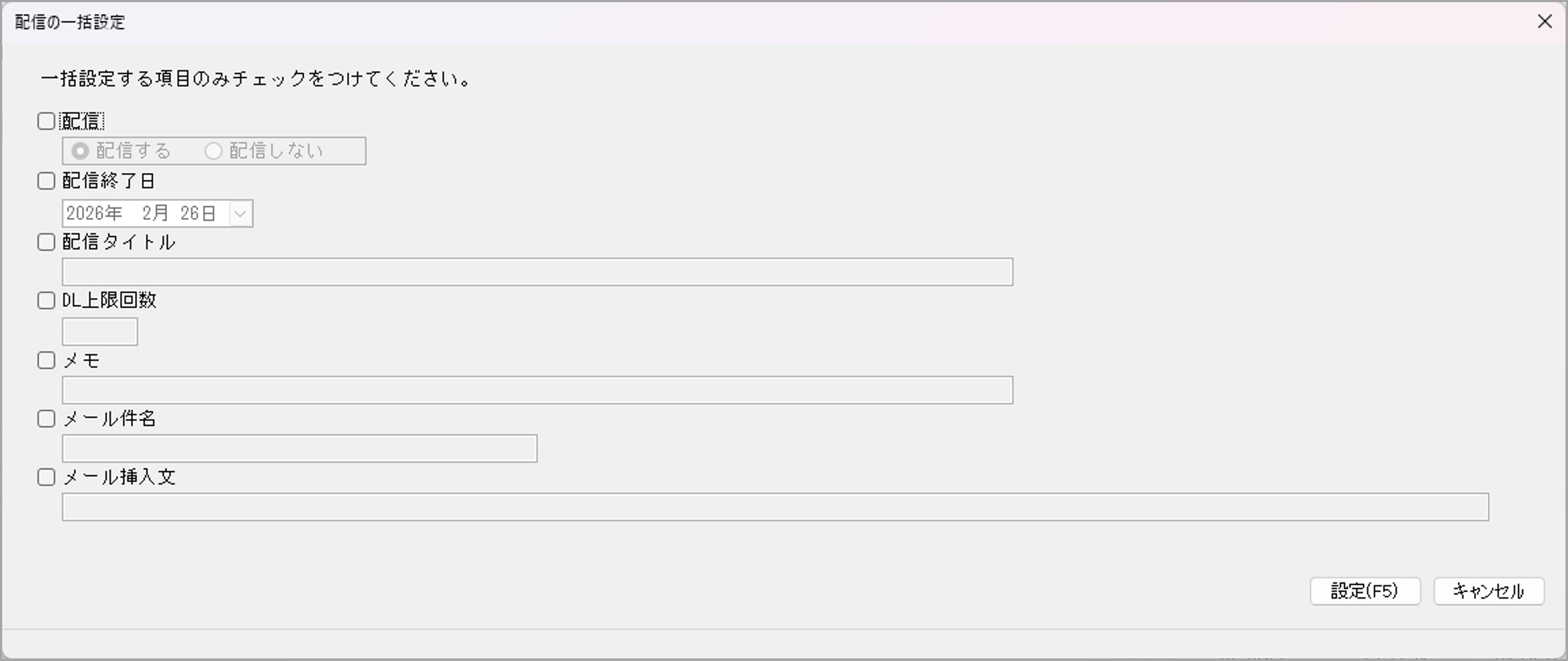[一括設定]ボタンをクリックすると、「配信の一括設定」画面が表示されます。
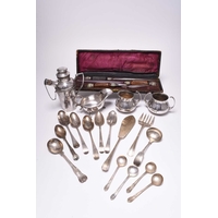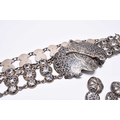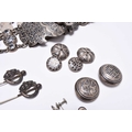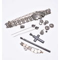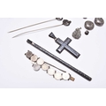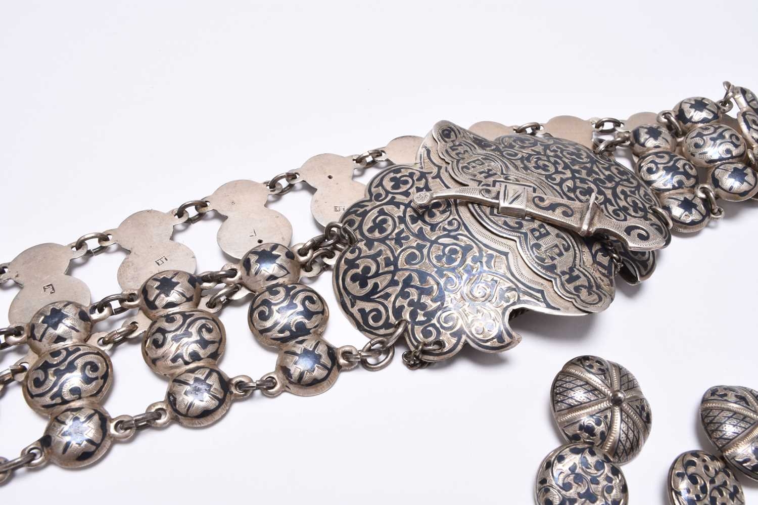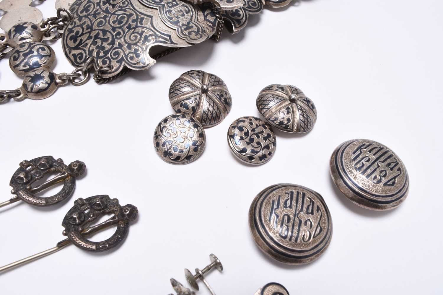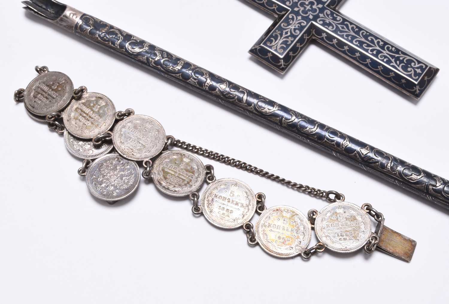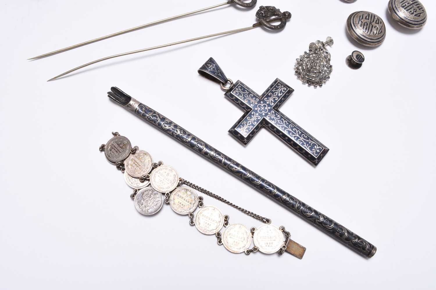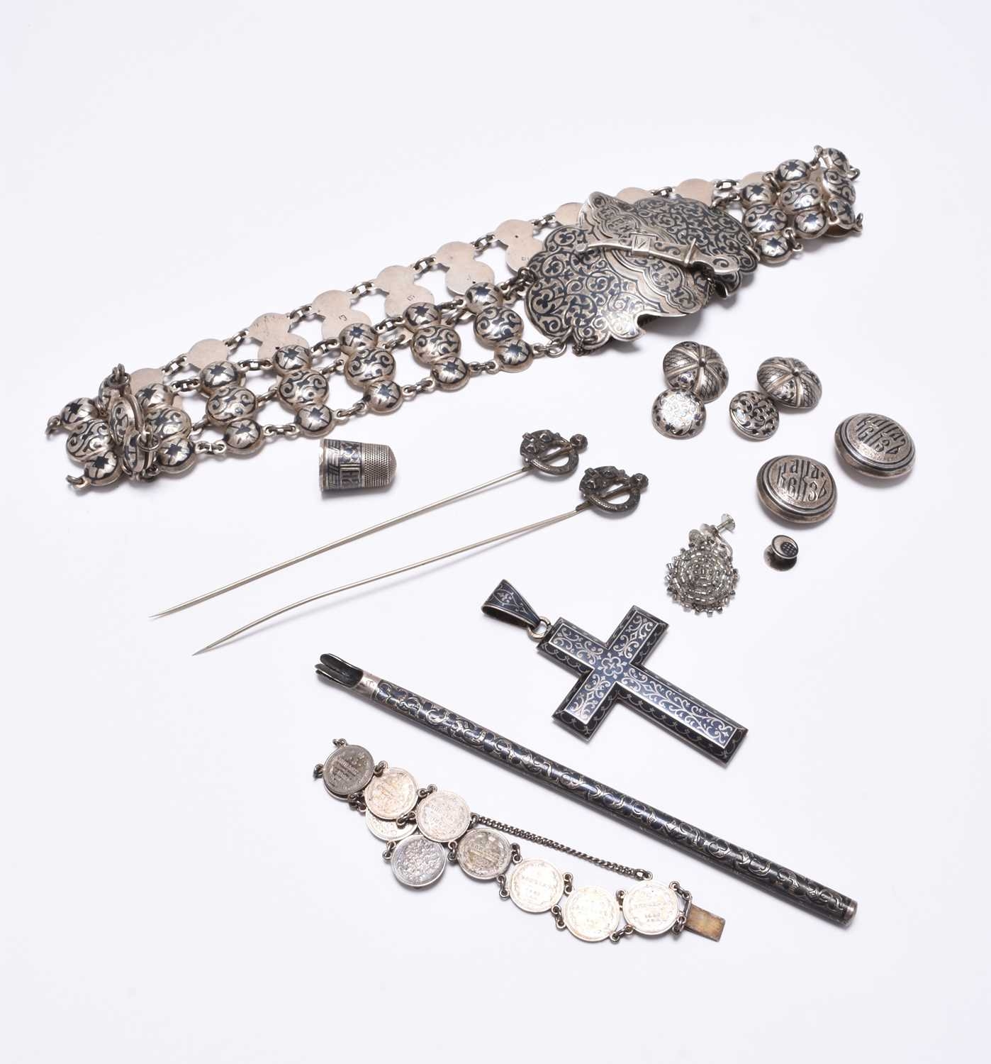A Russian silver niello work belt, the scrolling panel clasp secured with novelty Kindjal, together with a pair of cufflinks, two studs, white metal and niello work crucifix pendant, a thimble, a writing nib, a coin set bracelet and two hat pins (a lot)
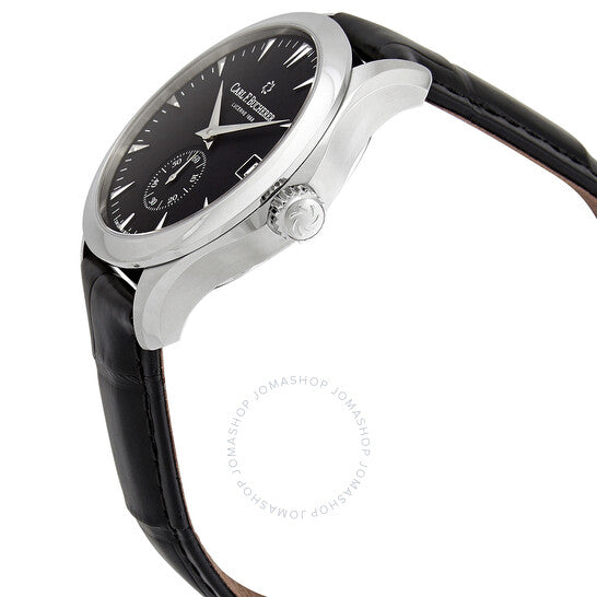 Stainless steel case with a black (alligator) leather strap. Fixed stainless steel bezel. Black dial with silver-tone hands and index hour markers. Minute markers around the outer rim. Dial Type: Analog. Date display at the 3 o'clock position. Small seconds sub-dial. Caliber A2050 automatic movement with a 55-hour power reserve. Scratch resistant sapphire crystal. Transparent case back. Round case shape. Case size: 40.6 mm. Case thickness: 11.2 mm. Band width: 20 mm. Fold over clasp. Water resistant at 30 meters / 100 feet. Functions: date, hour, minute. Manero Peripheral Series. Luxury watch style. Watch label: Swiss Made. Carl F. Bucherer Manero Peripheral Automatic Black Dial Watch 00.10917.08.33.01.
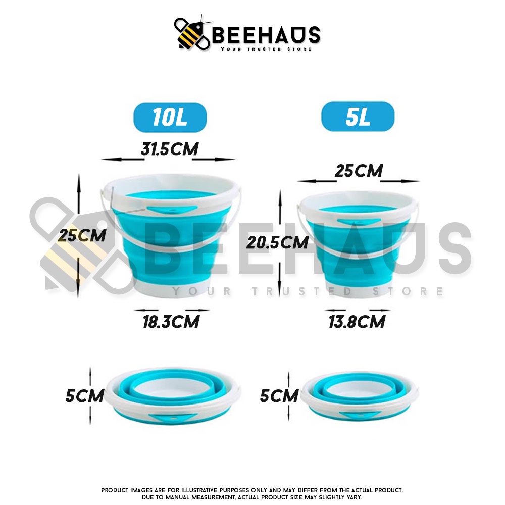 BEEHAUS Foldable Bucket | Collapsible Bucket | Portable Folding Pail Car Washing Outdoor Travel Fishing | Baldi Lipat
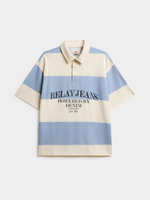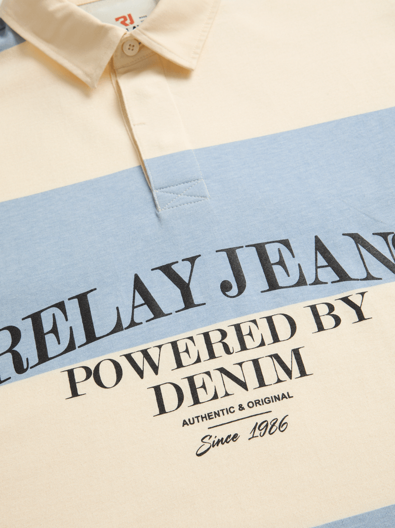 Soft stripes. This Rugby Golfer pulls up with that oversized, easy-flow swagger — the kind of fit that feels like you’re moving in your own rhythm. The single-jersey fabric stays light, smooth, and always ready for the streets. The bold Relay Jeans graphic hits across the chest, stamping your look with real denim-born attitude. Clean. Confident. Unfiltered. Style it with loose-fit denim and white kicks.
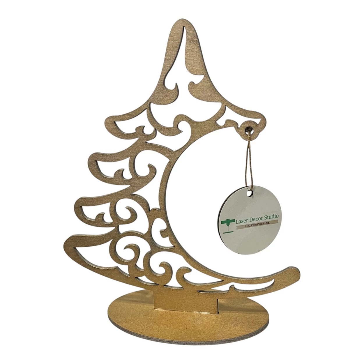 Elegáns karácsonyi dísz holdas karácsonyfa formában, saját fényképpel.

━━━━━━━━━━━━━━━━━━━━

Only the lines from the one containing "A Russian silver" through the last line of the records above should be repeated, exactly and without pictures.

Exercise output -
A Russian silver niello work belt, the scrolling panel clasp secured with novelty Kindjal, together with a pair of cufflinks, two studs, white metal and niello work crucifix pendant, a thimble, a writing nib, a coin set bracelet and two hat pins (a lot)
 Stainless steel case with a black (alligator) leather strap. Fixed stainless steel bezel. Black dial with silver-tone hands and index hour markers. Minute markers around the outer rim. Dial Type: Analog. Date display at the 3 o'clock position. Small seconds sub-dial. Caliber A2050 automatic movement with a 55-hour power reserve. Scratch resistant sapphire crystal. Transparent case back. Round case shape. Case size: 40.6 mm. Case thickness: 11.2 mm. Band width: 20 mm. Fold over clasp. Water resistant at 30 meters / 100 feet. Functions: date, hour, minute. Manero Peripheral Series. Luxury watch style. Watch label: Swiss Made. Carl F. Bucherer Manero Peripheral Automatic Black Dial Watch 00.10917.08.33.01.
 BEEHAUS Foldable Bucket | Collapsible Bucket | Portable Folding Pail Car Washing Outdoor Travel Fishing | Baldi Lipat
 Soft stripes. This Rugby Golfer pulls up with that oversized, easy-flow swagger — the kind of fit that feels like you’re moving in your own rhythm. The single-jersey fabric stays light, smooth, and always ready for the streets. The bold Relay Jeans graphic hits across the chest, stamping your look with real denim-born attitude. Clean. Confident. Unfiltered. Style it with loose-fit denim and white kicks.
 Elegáns karácsonyi dísz holdas karácsonyfa formában, saját fényképpel.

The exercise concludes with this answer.